O projeto permitiu ainda que sujeitos que foram excluídos da história oficial e, portanto, dos materiais didáticos, chegassem à escola. Os estudantes puderam ler obras literárias escritas por mulheres negras, indígenas, periféricas e conhecer a força e a potência das lideranças femininas do seu território.
Política pública
Ao comentar o que foi determinante para tornar o projeto uma política pública, a professora destacou “a atuação integrada de diferentes atores: os promotores do 1º Prêmio Ibero-americano, o Banco de Desenvolvimento da América Latina, o governo do Distrito Federal, a Secretaria de Educação do DF, o grupo de pesquisa Educação Crítica, Autoria Criativa (Gecria), o Programa de Pós-Graduação em Linguística da Universidade de Brasília, as comunidades onde o projeto foi desenvolvido, os estudantes e as professoras e gestores que se engajaram no projeto piloto”.
Para que o Mulheres Inspiradoras se tornasse política pública houve uma caminhada que começou há sete anos. Depois de conquistado o 1º Prêmio Ibero-americano de Educação em Direitos Humanos, o projeto ganhou visibilidade. Trata-se de um prêmio concedido pela Organização de Estados Ibero-americanos e pela Fundação SM, instituições vinculadas à promoção da ciência, da educação, que atuam na defesa dos direitos humanos, na Ibero-América há muitos anos.
O prêmio fez com que outras entidades, como o Banco de Desenvolvimento da América Latina conhecessem o projeto. No final de 2016, o programa chegou a mais escolas. Em 2017, foi assinado um acordo de cooperação internacional entre o GDF, o banco e a OEI e iniciada uma experiência piloto com 15 escolas. A experiência foi acompanhada pela UnB, que avaliou o trabalho.
Cooperação
A boa prática educacional transformada em política pública colabora com a missão de “fazer a cooperação realmente acontecer”. De acordo com a professora Gina Ponte, “o projeto Mulheres Inspiradoras, além de constituir um trabalho pedagógico que trouxe resultados positivos no Centro de Ensino Fundamental 12 de Ceilândia, alcançando cerca de 900 estudantes, hoje é um programa que trabalha em duas frentes: promove a formação de profissionais da educação e dá subsídios a esses profissionais e suas escolas com obras literárias de autoria feminina”.

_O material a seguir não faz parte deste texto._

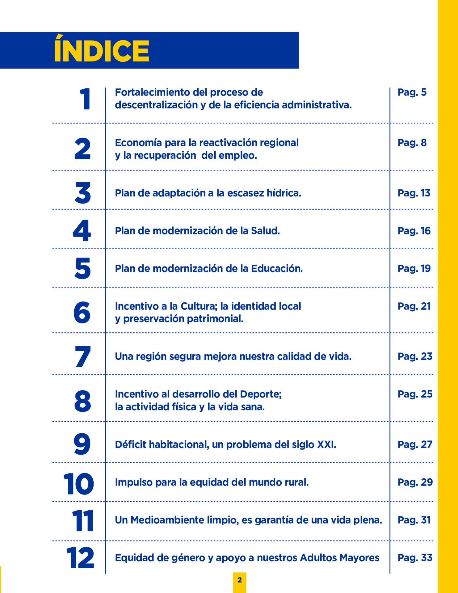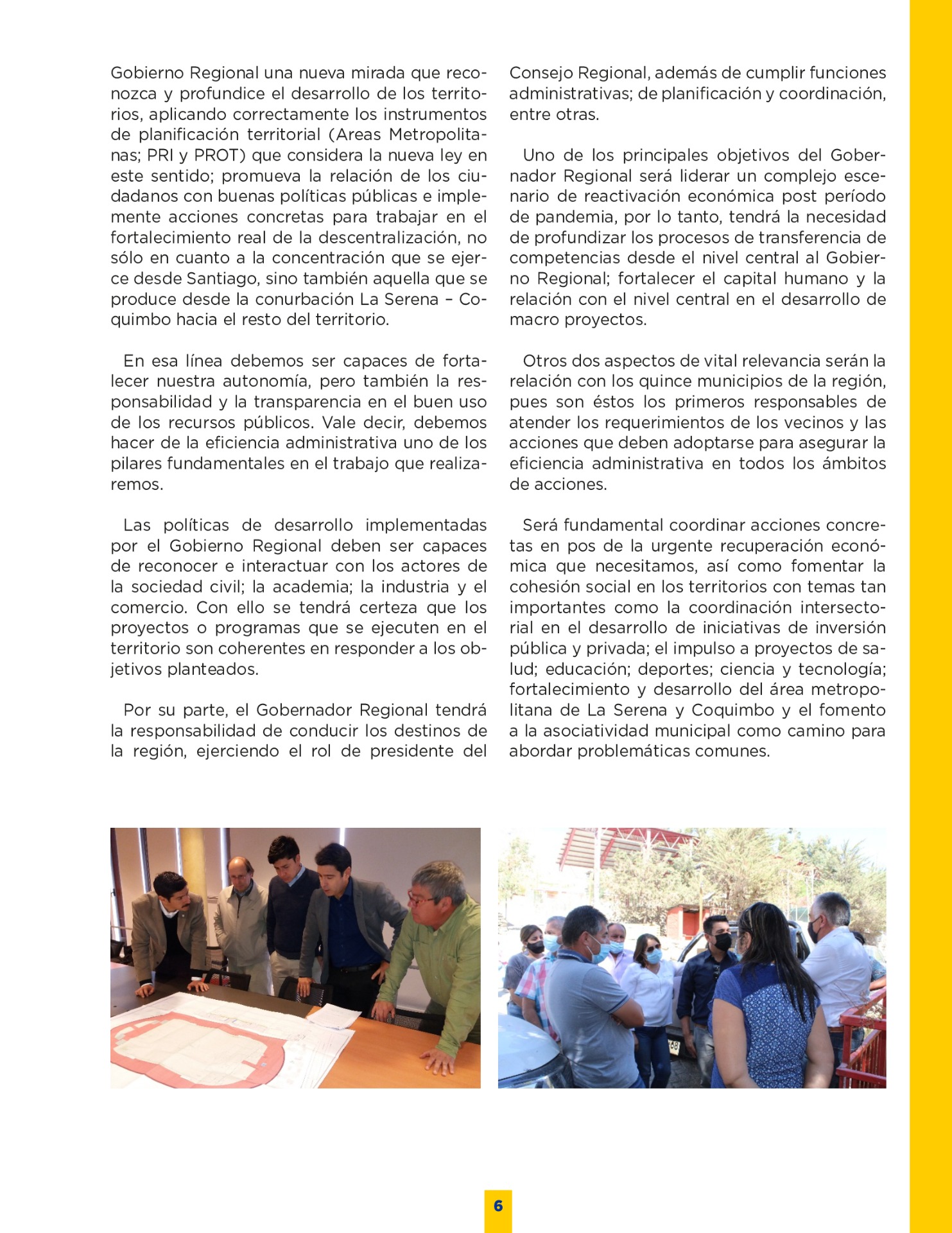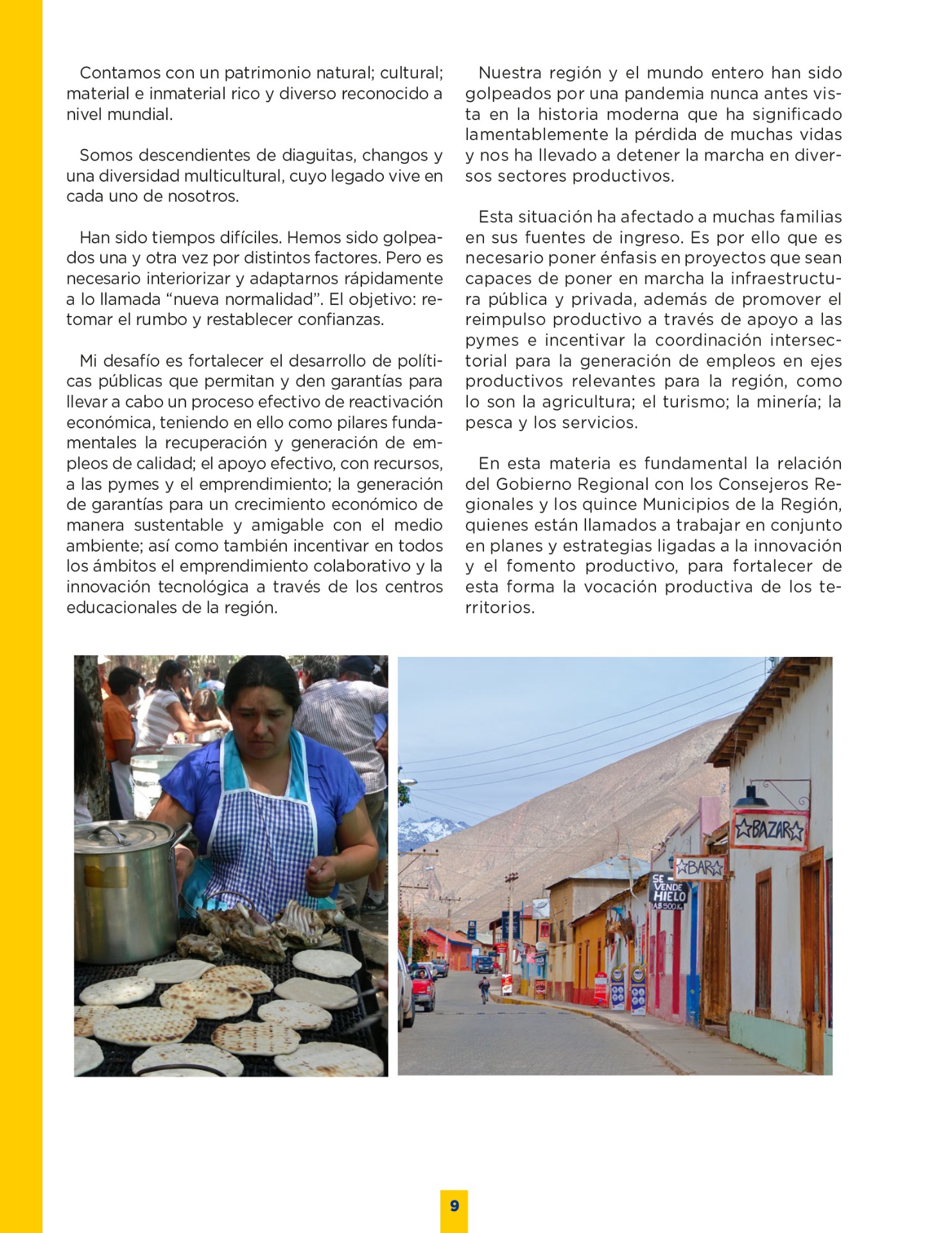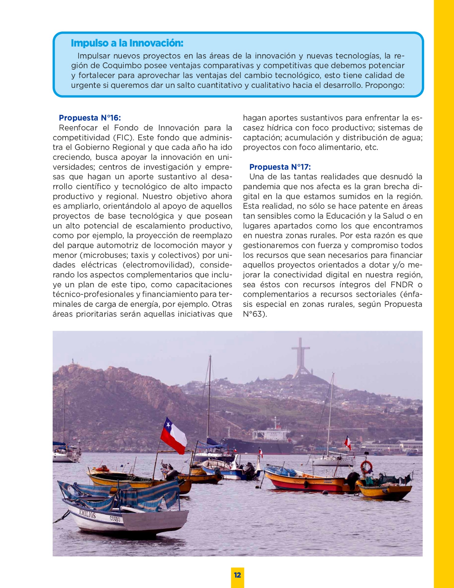 Son muchos los desafíos que tenemos por delante. Sin duda vivimos años difíciles. Pero tengo la convicción que con empeño; trabajo y eficiencia podremos lograr que nuestro territorio se transforme en una región más Desarrollada; equitativa y moderna. Los invito a leer mi programa de gobierno. Es un documento ciudadano, con un claro y sincero sello social, que recoge las inquietudes y prioridades que ustedes mismos me entregaron en nuestro incansable recorrido.

Para Gina, a “proposta não é que eles multipliquem ou simplesmente reproduzam o projeto Mulheres Inspiradoras, mas que, a partir da pesquisa sobre a especificidade do seu território, da sua comunidade, dos seus estudantes, criem projetos capazes de interferir nos problemas locais e fortalecer a aprendizagem e o desenvolvimento integral dos estudantes”.